Extracted records:
******

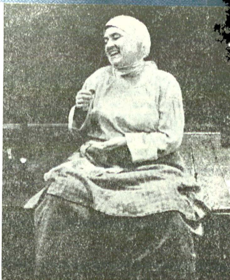
Apărentă bonomie, senzuală ferocitate — Kvașnia din „Azilul de noapte“ în regia lui Liviu Ciutei
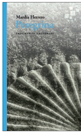
MARDÍA HERRERO Peregrina Fragmenta, 2020, 268 pág.

Se sueña con ser artista o futbolista, pero, ¿soñar con ser sacerdote? Claro que sí, y no solo eso: soñar con tener un amigo o un familiar sacerdote. El sacerdocio es un sueño porque habla de traer a Dios a la tierra: su caridad, su amor sin límites, su presencia llena de misericordia y de perdón. Ser sacerdote es un sueño y un don. Este libro quiere ser una ayuda para los que sienten esa inquietud interior.
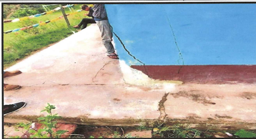
Foto: 02 Vista de pared exterior fallada.

"Año de la Unidad, la Paz y el Desarrollo"
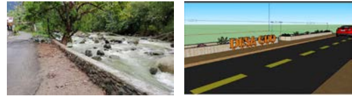
Gambar 5. Restorasi Tebing Sungai
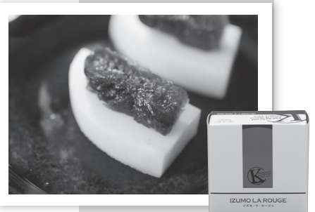
無花果とイズモ・ラ・ルーージュで『ドライいちじくのカナッペ風』

スライスしたモッツアレラにスライスした無花果をのせ、エクストラバージンオリーブオイルと岩塩をかけます。岩塩が無花果の甘みとモッツアレラの酸味を引き立て、白ワインとよく合う前菜です。
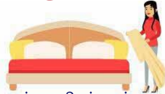
படுக்கைத் துணிகள் அல்லது கழிப்பறை இருக்கைகளைத் தொடுவது
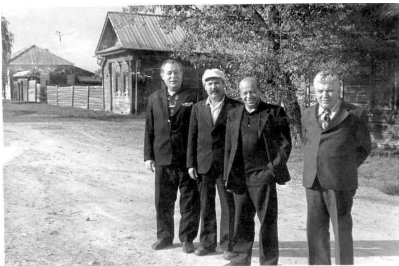
Шушенское 29 августа 1977 год
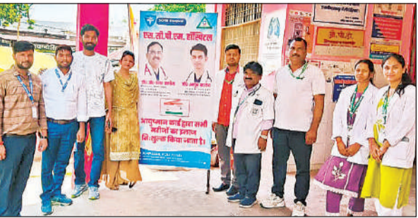
श्रमिक दिवस पर लगे स्वास्थ्य शिविर में मौजूद डॉक्टर व कर्मचारी।
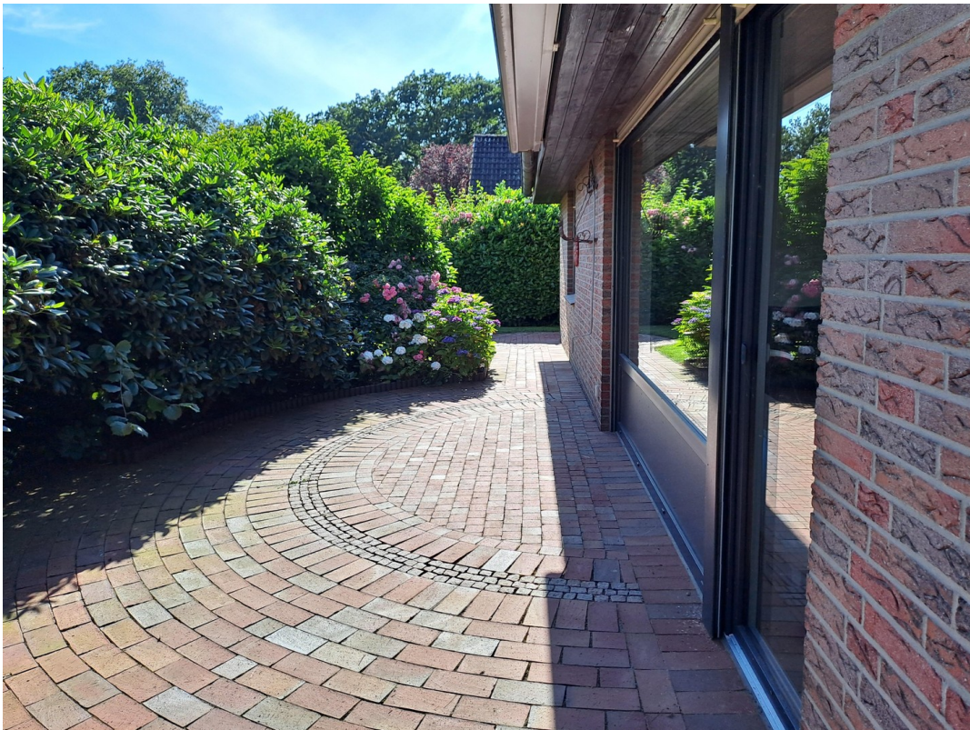
Terrasse in Südlage
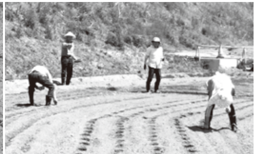
5月17日ひまわりの種蒔き

今年度の活動は、5月17日会員の畑を借用して、ひまわりの種蒔きを実施しました。南湖公園付近で国道294号白河バイパス(新道)沿いに広大な畑を用意していただきました。会員5名の参加で横一列に並んで種を2、3個指でつまみ埋めて行く作業を一往復しました。当日は蒸し暑く熱中症に注意しながらの作業となりましたが、無事終えることが出来ました。当面の工程である間引きと雑草取りをしながら秋の収穫まで見守りました。
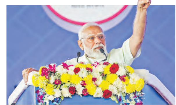
महिला दिवस के मौके पर इस तरह की घटना बेहद चिंताजनक है। उन्होंने आरोप लगाया कि तृणमूल कांग्रेस सरकार के कारण

प्रधानमंत्री नरेंद्र मोदी ने पश्चिम बंगाल में राष्ट्रपति द्रौपदी मुर्मू के कथित प्रोटोकॉल उल्लंघन को लेकर तृणमूल कांग्रेस सरकार पर रविवार को तीखा हमला बोला और कहा कि राज्य की जागरूक जनता देश की राष्ट्रपति और एक आदिवासी महिला नेता का 'अपमान' करने के लिए तृणमूल कांग्रेस को कभी माफ नहीं करेगी। राष्ट्रीय राजधानी में दिल्ली मेट्रो के दो नए कॉरिडोर और अन्य परियोजनाओं का उद्घाटन करने के बाद मोदी ने कहा कि अंतरराष्ट्रीय

******

EXERCISE
Would you repeat the entries exactly, keeping the images out?

EXERCISE SOLUTION
Apărentă bonomie, senzuală ferocitate — Kvașnia din „Azilul de noapte“ în regia lui Liviu Ciutei
MARDÍA HERRERO Peregrina Fragmenta, 2020, 268 pág.

Se sueña con ser artista o futbolista, pero, ¿soñar con ser sacerdote? Claro que sí, y no solo eso: soñar con tener un amigo o un familiar sacerdote. El sacerdocio es un sueño porque habla de traer a Dios a la tierra: su caridad, su amor sin límites, su presencia llena de misericordia y de perdón. Ser sacerdote es un sueño y un don. Este libro quiere ser una ayuda para los que sienten esa inquietud interior.
Foto: 02 Vista de pared exterior fallada.

"Año de la Unidad, la Paz y el Desarrollo"
Gambar 5. Restorasi Tebing Sungai
無花果とイズモ・ラ・ルーージュで『ドライいちじくのカナッペ風』

スライスしたモッツアレラにスライスした無花果をのせ、エクストラバージンオリーブオイルと岩塩をかけます。岩塩が無花果の甘みとモッツアレラの酸味を引き立て、白ワインとよく合う前菜です。
படுக்கைத் துணிகள் அல்லது கழிப்பறை இருக்கைகளைத் தொடுவது
Шушенское 29 августа 1977 год
श्रमिक दिवस पर लगे स्वास्थ्य शिविर में मौजूद डॉक्टर व कर्मचारी।
Terrasse in Südlage
5月17日ひまわりの種蒔き

今年度の活動は、5月17日会員の畑を借用して、ひまわりの種蒔きを実施しました。南湖公園付近で国道294号白河バイパス(新道)沿いに広大な畑を用意していただきました。会員5名の参加で横一列に並んで種を2、3個指でつまみ埋めて行く作業を一往復しました。当日は蒸し暑く熱中症に注意しながらの作業となりましたが、無事終えることが出来ました。当面の工程である間引きと雑草取りをしながら秋の収穫まで見守りました。
महिला दिवस के मौके पर इस तरह की घटना बेहद चिंताजनक है। उन्होंने आरोप लगाया कि तृणमूल कांग्रेस सरकार के कारण

प्रधानमंत्री नरेंद्र मोदी ने पश्चिम बंगाल में राष्ट्रपति द्रौपदी मुर्मू के कथित प्रोटोकॉल उल्लंघन को लेकर तृणमूल कांग्रेस सरकार पर रविवार को तीखा हमला बोला और कहा कि राज्य की जागरूक जनता देश की राष्ट्रपति और एक आदिवासी महिला नेता का 'अपमान' करने के लिए तृणमूल कांग्रेस को कभी माफ नहीं करेगी। राष्ट्रीय राजधानी में दिल्ली मेट्रो के दो नए कॉरिडोर और अन्य परियोजनाओं का उद्घाटन करने के बाद मोदी ने कहा कि अंतरराष्ट्रीय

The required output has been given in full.